Many businesses have data security training in place for their employees, but these rarely give enough clarity on the disastrous impact of a data breach. Investment in better training may seem unnecessary, but cybersecurity and password education are necessary. Businesses need to increase their workforce’s awareness of the dangers of poor password hygiene and its potential consequences. The risk of a cybersecurity breach will be significantly reduced by making cybersecurity training a formal onboarding step for all existing employees and new starters.

"Businesses need to increase their workforce's awareness of the dangers of poor password hygiene and its potential consequences"

Over the past couple of years, businesses have had to contend with a range of cyber-threats while under the strain of new hybrid working conditions, which have forced IT leaders to adapt security policies at a moment’s notice.
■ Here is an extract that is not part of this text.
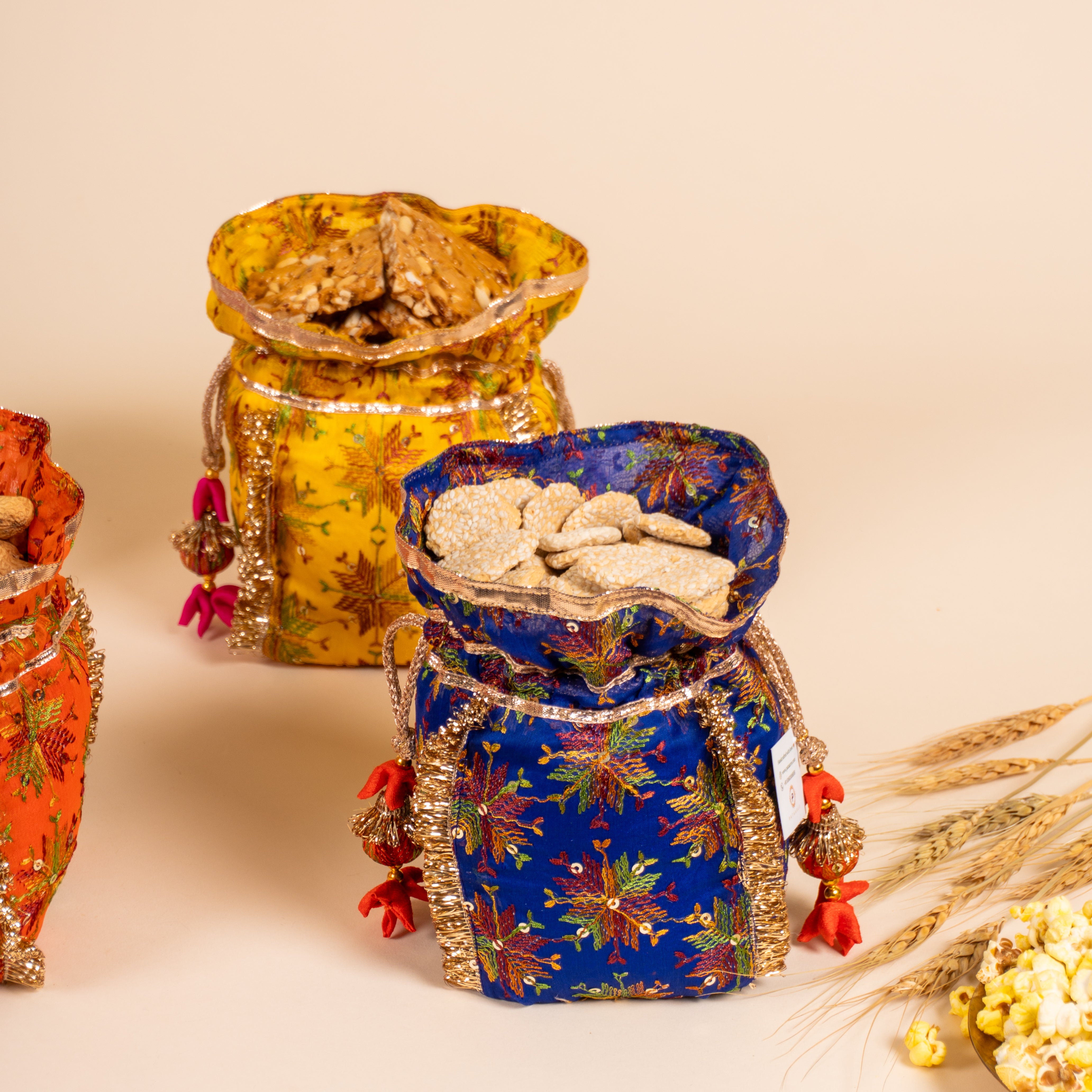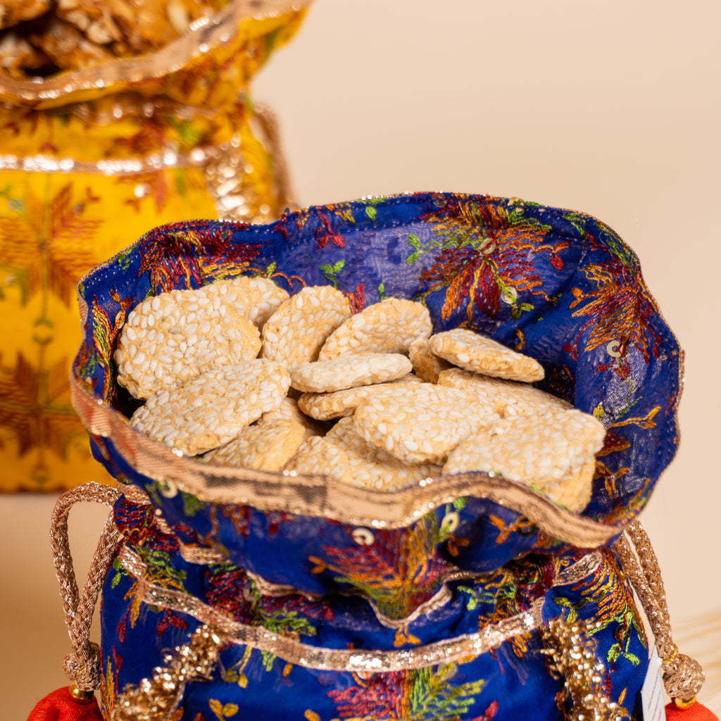 Celebrate the spirit of lohri with this festive set of 4 phulkari favour potlis. Designed in rich phulkari prints, this set is ideal for packing rewri, gajak, popcorn, or any traditional Lohri treats. A perfect gifting option for your loved ones, these potlis carry the warmth and charm of the festival.

Unfortunately, the pandemic revealed an ill-preparedness in the face of cyber-attacks across the globe, in businesses of all sizes, and provided unique opportunities for cyber-criminals to take advantage.

In the age of disparate workforces, home WiFi networks and multiple devices, password use has continued to increase. Many organizations have implemented additional levels of security to supplement the password, though it remains the core pillar of security systems – highlighting that perhaps the role of the password is not dead yet. As the number of passwords people use increases, the need for an effective password manager becomes more obvious. This is highlighted further by the growing rates of burnout amongst cybersecurity teams.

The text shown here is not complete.